The 2019 Turning Point was a professional wrestling event produced by Impact Wrestling in conjunction with Pennsylvania Premiere Wrestling. The event was streamed live on Impact Plus and took place on November 9, 2019 at the Holy Family Academy in Hazleton, Pennsylvania. It was the 13th event in the Turning Point chronology and the first to be held as an Impact Plus Monthly Special

Production

Background
In 2013, Impact Wrestling (then known as Total Nonstop Action Wrestling) discontinued monthly pay-per-view events in favor of the pre-recorded One Night Only events. Turning Point was produced as a PPV from 2004 until 2012. On October 13, 2019, Impact Wrestling announced on its website that Turning Point would return as a monthly special for Impact Plus and would be taking place on November 9.

Storylines
At Bound for Glory, Brian Cage defeated Sami Callihan in a no disqualification match to retain the Impact World Championship. During This is IMPACT!, a special episode of Impact's weekly television series, Cage was being interviewed by Josh Mathews and Scott D'Amore on his successful title defense against Callihan. Callihan interrupted Cage and demanded a rematch, showing footage of oVe members hauning Cage's house with his family inside. Cage would accept Callihan's challenge for a steel cage match on IMPACT's premiere on AXS TV. Callihan defeated Cage in the steel cage match to win the Impact World Championship. On October 30, Impact Wrestling announced that Cage was invoking his rematch clause for the World Championship against Callihan at Turning Point.

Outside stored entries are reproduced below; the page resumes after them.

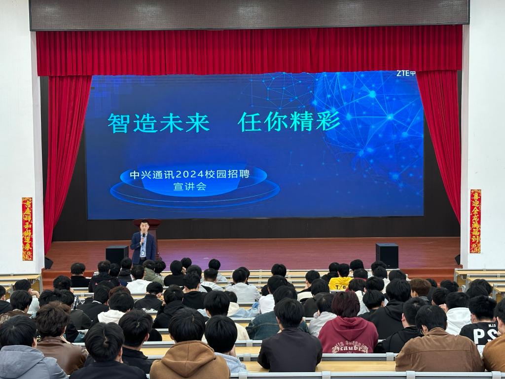 本站讯(信息工程学院 袁勋)为了引导学生树立正确的就业观念,充分激发他们的热情和主动性,切实提高毕业生的就业质量,3月28日下午,信息工程学院在和济楼 C126 阶梯教室成功举办了中兴通讯 2024 届就业宣讲会。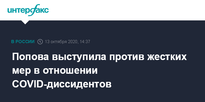 Ранее 13 октября она заявила, что считает крайне важным предотвратить COVID-диссидентство среди населения, а также диссидентство в отношении вакцины против коронавируса. "И вот эта информационная кампания для нас сейчас крайне важна: надо донести знания и донести обязательность заботиться о себе до людей, это чувство ответственности все-таки должно заработать", - сказала Попова на международной научно-практической конференции "Пандемия 2020: вызовы, решения, последствия" на площадке РАНХиГС.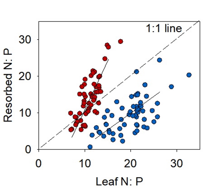 然而,这些策略是否能够共存以及植物何时用何种策略仍然不清楚。为回答这些问题,研究选择了两个养分状态完全不同的森林生态系统。一个是喀斯特森林,一个是非喀斯特森林。喀斯特森林的特点是土壤氮和磷含量高,植物受氮限制 (叶片N:P <14)。非喀斯特森林的特点是土壤氮和磷含量低,植物受磷限制 (叶片N:P >16)。这两个养分差异显著的生态系统为研究人员研究植物养分回收策略提供了非常好的平台。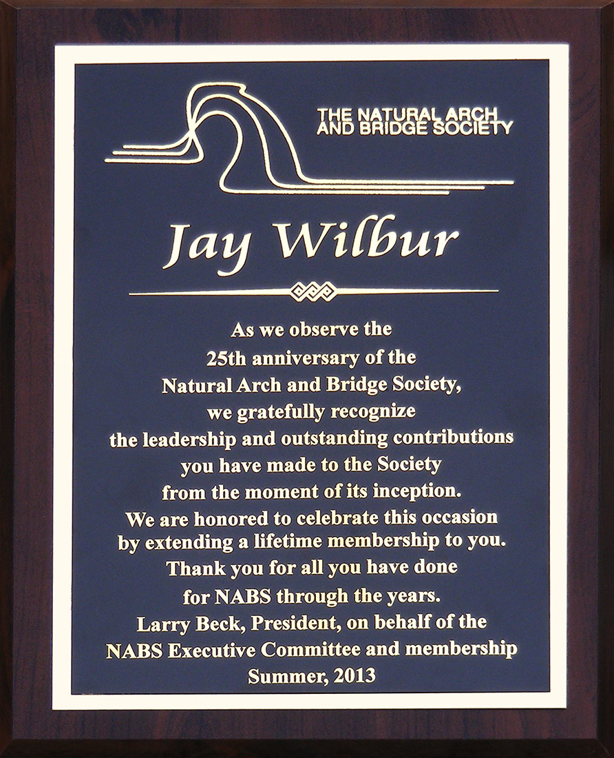 The plaque was presented to Jay (left) at Crow Canyon Arch, New Mexico, by NABS President Larry Beck. Exhibit 9 provides a readable view of the plaque.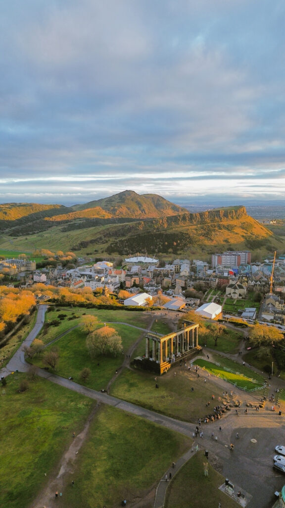 Try to get there ~45 minutes before sunset so you can catch the skyline glow. Calton Hill is perfect for photos, a quick pause between sightseeing stops, and one of the most iconic viewpoints in Edinburgh.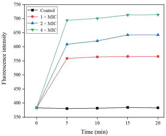 The stability of the bacterial transmembrane potential is closely connected to normal life activities. DiSC3(5) fluorescent dye can be absorbed by polarized cells and gathered in the phospholipid bilayer accompanied by fluorescence self-quenching. Once the membrane potential is disturbed, the dyes are released from cells and give off strong fluorescence, providing a manner to measure bacterial membrane potential [,,]. As exhibited in Figure 7, after incubation with different concentrations of coumarin 11f, the fluorescence intensity presented a dose-dependent increase, indicating that PHCI 11f could obviously dissipate the membrane potential and lead to membrane depolarization.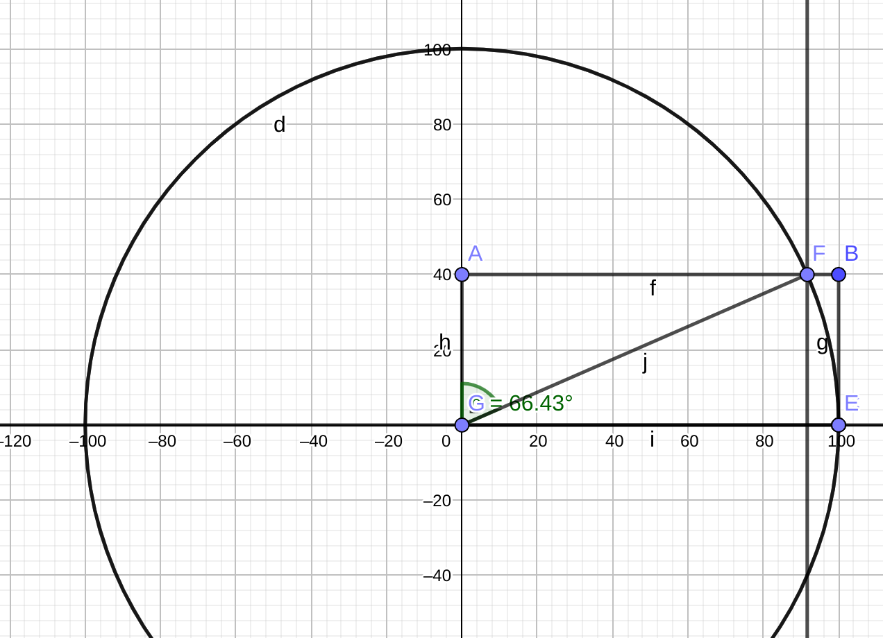 想求的是 AGF 的角度, 那么只要求出 FGE 就可以了, sinFGE = AG / FG 所以 FCE = srcsin(40/100)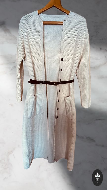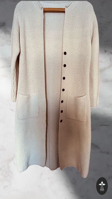 One-size cardigan fits from size S to L. Fits chest up to 100/105 cm perfectly. Beautiful buttons with stones. Patterned knitting. Made of 68% viscose and 32% polyester. Snow-white color. Comfortable for the skin. Luxurious cardigan. Suitable for tall height.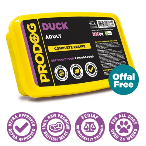 Seriously good nutrition in every bite. Our Duck Complete raw dog food recipe is made with premium, higher-welfare duck and ground duck bone, sourced from British Farm Assurance certified farms. This canine nutritionist formulated meal is supercharged with seasonal vegetables, powerful superfoods, and premium Atlantic salmon oil. Designed with working dogs in mind, our Complete meals deliver real food with real benefits; no fillers, no nasties, just full-on natural flavour and function.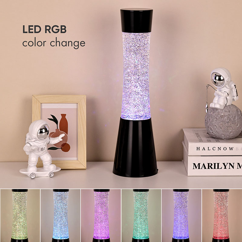 Otro punto a destacar de esta pequeña luz nocturna es su diseño interior líquido y brillante. El líquido contiene una gran cantidad de brillo, que brilla intensamente bajo la iluminación de la luz, como si innumerables estrellas titilaran en el cielo nocturno. A medida que el líquido fluye, la brillantina se dispersará de forma irregular, creando un efecto visual de ensueño. La lámpara de lava LED con purpurina con batería 3AAA también tiene función de iluminación de color RGB. A través de la avanzada tecnología LED, los accesorios de iluminación pueden emitir una luz suave y uniforme y ajustar libremente el color de la luz según las diferentes escenas y necesidades. Puede elegir su color favorito o hacer que los accesorios de iluminación cambien de color automáticamente para crear un espectáculo visual colorido.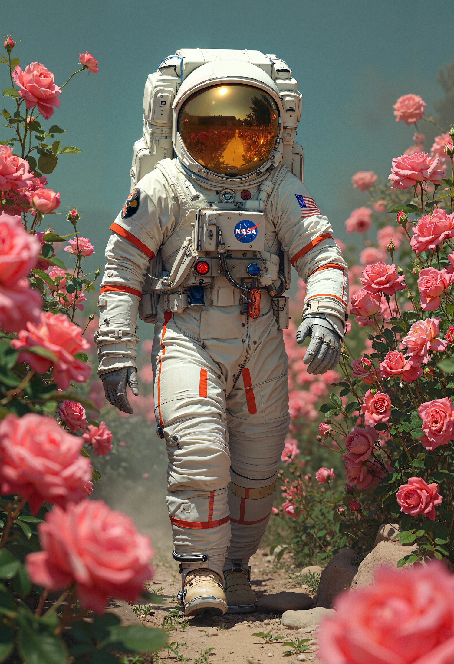 Astronaut in a white suit walks through a garden of pink roses, blending technology with nature in a surreal, vibrant scene.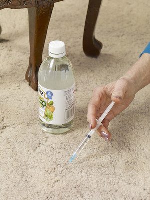 Смешайте воду и уксус в одинаковой пропорции, полейте смесью пятно, подождите 5 минут, а затем вытрите чистой тряпочкой. Коврик будет выглядеть как новенький!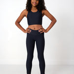 made for movement and styled to stand out. this girls legging features a signature tulip cut at the ankle for a feminine, elevated touch—perfect for practice, play, and everything in between.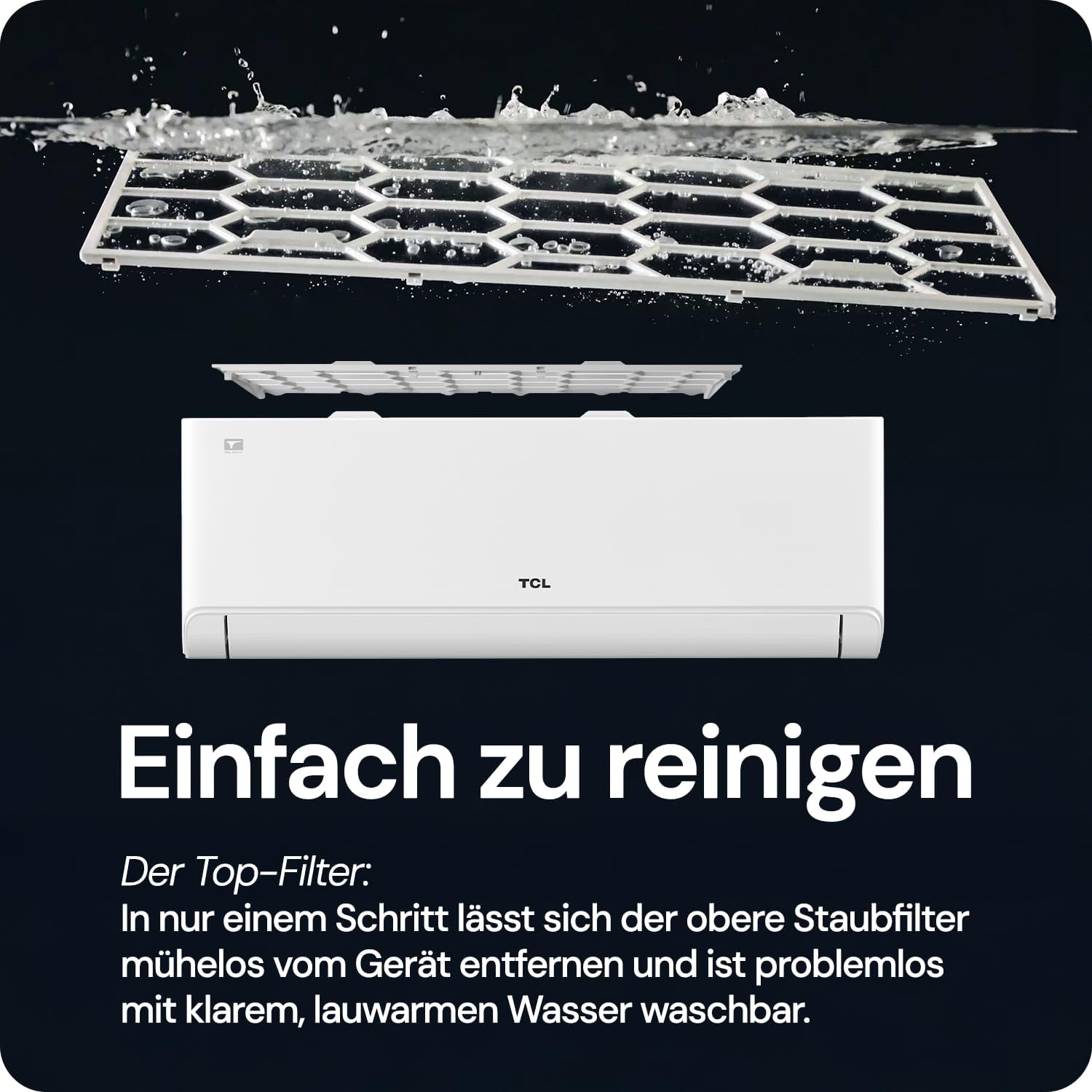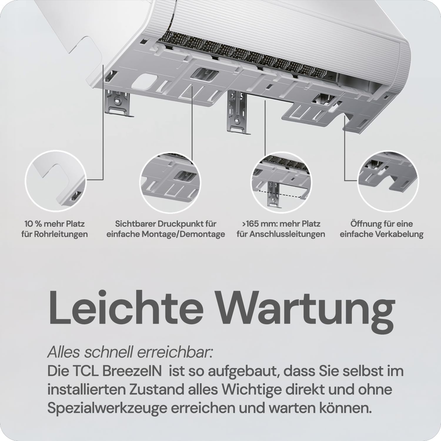 Die TCL BreezeIN Split Klimaanlage wurde so konzipiert, dass alle wichtigen Komponenten leicht zugänglich und einfach zu reinigen sind. Dank des cleveren Designs lassen sich Filter, Lamellen, Abdeckung und weitere Bauteile ohne Werkzeug abnehmen, säubern und wieder einsetzen.
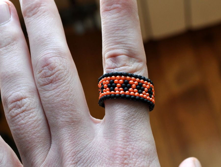 Pierścionek-obrączka wykonany jest z drobnych szklanych koralików Toho pomarańczowych z połyskiem i czarnych matowych, wzór w romby. Nosi się go wygodnie, dopasowuje się do palca i jest ciekawym dodatkiem. Zapraszam.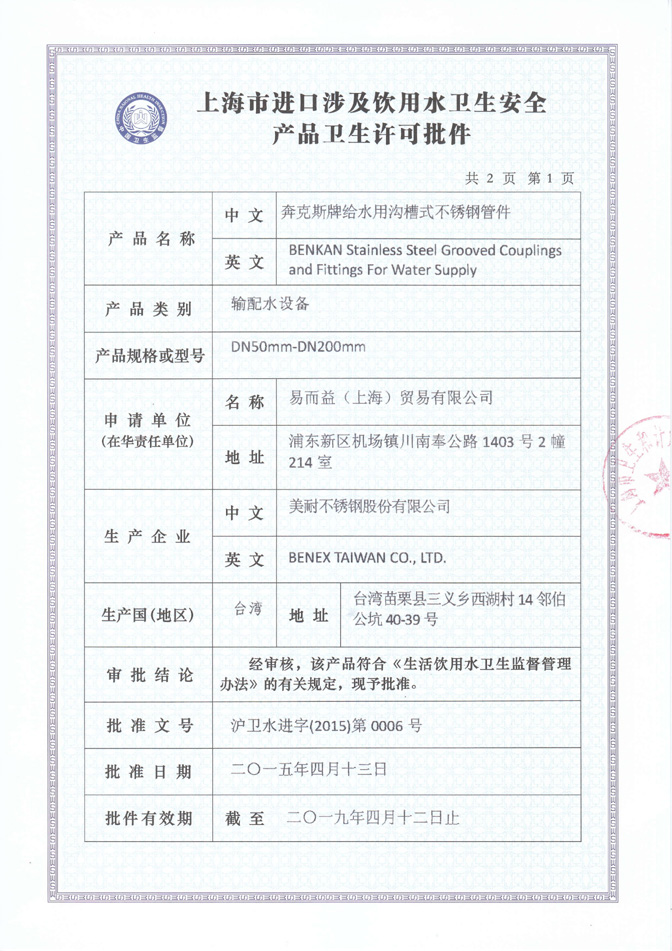 沟槽管件卫生许可

At Bound for Glory, Rob Van Dam turned on Rhino during their three-way match against The North and the team of Rich Swann and Willie Mack for the World Tag Team Championship. This led to RVD turn into a villain and explained his betrayal on the October 29 episode of Impact Wrestling that no one stole his finishing move which led to Rhino confronting him and challenging him to a match at Turning Point.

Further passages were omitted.